**Recorded information:**
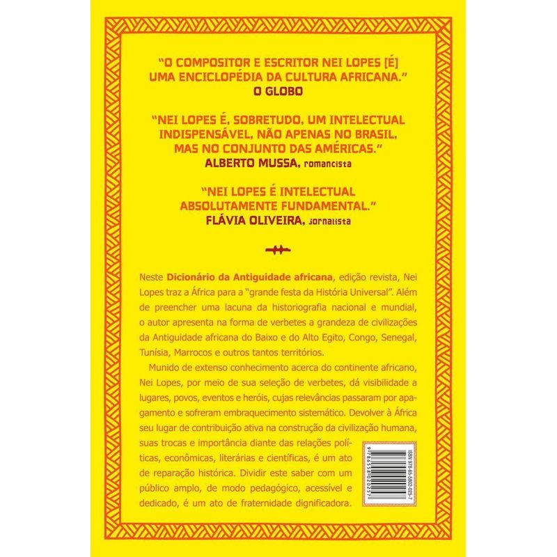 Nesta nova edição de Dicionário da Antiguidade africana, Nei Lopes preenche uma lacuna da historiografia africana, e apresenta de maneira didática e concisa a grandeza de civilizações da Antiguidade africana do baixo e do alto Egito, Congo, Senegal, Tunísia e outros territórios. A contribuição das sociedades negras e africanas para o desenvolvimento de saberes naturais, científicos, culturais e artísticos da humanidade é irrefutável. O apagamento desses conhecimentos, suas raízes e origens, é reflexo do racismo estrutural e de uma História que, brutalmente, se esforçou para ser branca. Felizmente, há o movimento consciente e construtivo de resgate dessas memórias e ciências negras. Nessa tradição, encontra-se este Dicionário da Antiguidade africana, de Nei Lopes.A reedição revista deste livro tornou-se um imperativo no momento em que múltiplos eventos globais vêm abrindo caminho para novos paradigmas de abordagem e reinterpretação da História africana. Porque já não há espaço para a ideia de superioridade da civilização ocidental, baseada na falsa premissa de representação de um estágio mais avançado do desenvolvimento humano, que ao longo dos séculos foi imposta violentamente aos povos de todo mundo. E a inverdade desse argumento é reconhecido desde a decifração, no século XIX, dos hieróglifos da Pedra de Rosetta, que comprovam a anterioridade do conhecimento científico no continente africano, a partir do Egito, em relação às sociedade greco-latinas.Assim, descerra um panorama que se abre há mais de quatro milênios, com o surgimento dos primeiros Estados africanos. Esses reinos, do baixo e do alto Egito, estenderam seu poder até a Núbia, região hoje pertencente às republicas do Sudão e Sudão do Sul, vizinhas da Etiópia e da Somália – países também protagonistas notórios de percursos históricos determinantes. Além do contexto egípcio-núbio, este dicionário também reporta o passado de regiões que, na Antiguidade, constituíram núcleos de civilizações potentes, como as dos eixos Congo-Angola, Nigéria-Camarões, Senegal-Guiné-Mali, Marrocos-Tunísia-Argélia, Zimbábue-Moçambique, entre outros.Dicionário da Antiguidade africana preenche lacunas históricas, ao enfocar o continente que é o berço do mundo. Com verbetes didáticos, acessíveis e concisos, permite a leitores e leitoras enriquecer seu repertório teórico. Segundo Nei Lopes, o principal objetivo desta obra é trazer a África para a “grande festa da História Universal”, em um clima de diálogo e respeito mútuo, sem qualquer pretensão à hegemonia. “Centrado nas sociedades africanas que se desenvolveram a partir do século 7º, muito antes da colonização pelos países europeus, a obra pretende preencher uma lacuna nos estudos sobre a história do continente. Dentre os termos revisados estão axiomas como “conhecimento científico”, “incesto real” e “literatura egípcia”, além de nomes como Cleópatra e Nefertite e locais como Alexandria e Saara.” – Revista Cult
---
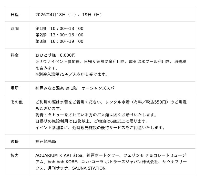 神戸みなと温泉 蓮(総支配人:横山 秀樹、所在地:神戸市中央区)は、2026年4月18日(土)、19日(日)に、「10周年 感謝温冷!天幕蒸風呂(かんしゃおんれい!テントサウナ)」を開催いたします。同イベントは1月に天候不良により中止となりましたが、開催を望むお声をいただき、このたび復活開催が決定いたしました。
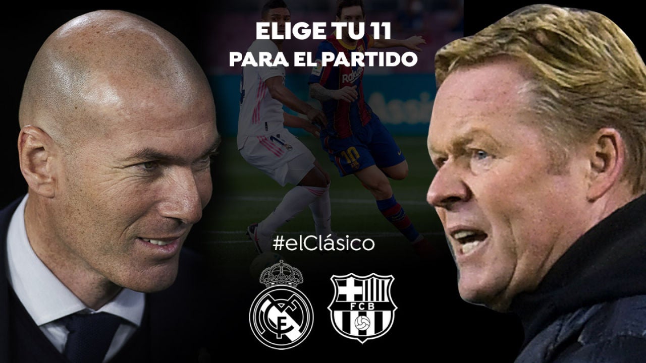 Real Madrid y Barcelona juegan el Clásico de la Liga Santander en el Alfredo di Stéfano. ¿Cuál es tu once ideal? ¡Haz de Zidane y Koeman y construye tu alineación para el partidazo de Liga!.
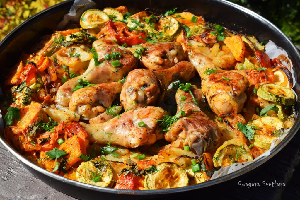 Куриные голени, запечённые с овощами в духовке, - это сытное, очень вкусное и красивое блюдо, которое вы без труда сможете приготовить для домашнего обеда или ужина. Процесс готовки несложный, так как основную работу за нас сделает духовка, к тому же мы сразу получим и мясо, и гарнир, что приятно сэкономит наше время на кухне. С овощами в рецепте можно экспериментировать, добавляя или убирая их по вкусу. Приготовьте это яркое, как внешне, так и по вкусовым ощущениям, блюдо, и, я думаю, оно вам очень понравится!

**Exercise directions:**
Your answer should consist of the lines above between those holding "神戸みなと温泉 蓮(総支配人:横山 秀樹、所在地:神戸市中央区)は、2026年4月18日(土)、19日(日)に、「10周年" and "Куриные голени, запечённые", inclusive, reproduced word for word and without pictures.

**Expected output:**
 神戸みなと温泉 蓮(総支配人:横山 秀樹、所在地:神戸市中央区)は、2026年4月18日(土)、19日(日)に、「10周年 感謝温冷!天幕蒸風呂(かんしゃおんれい!テントサウナ)」を開催いたします。同イベントは1月に天候不良により中止となりましたが、開催を望むお声をいただき、このたび復活開催が決定いたしました。
 Real Madrid y Barcelona juegan el Clásico de la Liga Santander en el Alfredo di Stéfano. ¿Cuál es tu once ideal? ¡Haz de Zidane y Koeman y construye tu alineación para el partidazo de Liga!.
 Куриные голени, запечённые с овощами в духовке, - это сытное, очень вкусное и красивое блюдо, которое вы без труда сможете приготовить для домашнего обеда или ужина. Процесс готовки несложный, так как основную работу за нас сделает духовка, к тому же мы сразу получим и мясо, и гарнир, что приятно сэкономит наше время на кухне. С овощами в рецепте можно экспериментировать, добавляя или убирая их по вкусу. Приготовьте это яркое, как внешне, так и по вкусовым ощущениям, блюдо, и, я думаю, оно вам очень понравится!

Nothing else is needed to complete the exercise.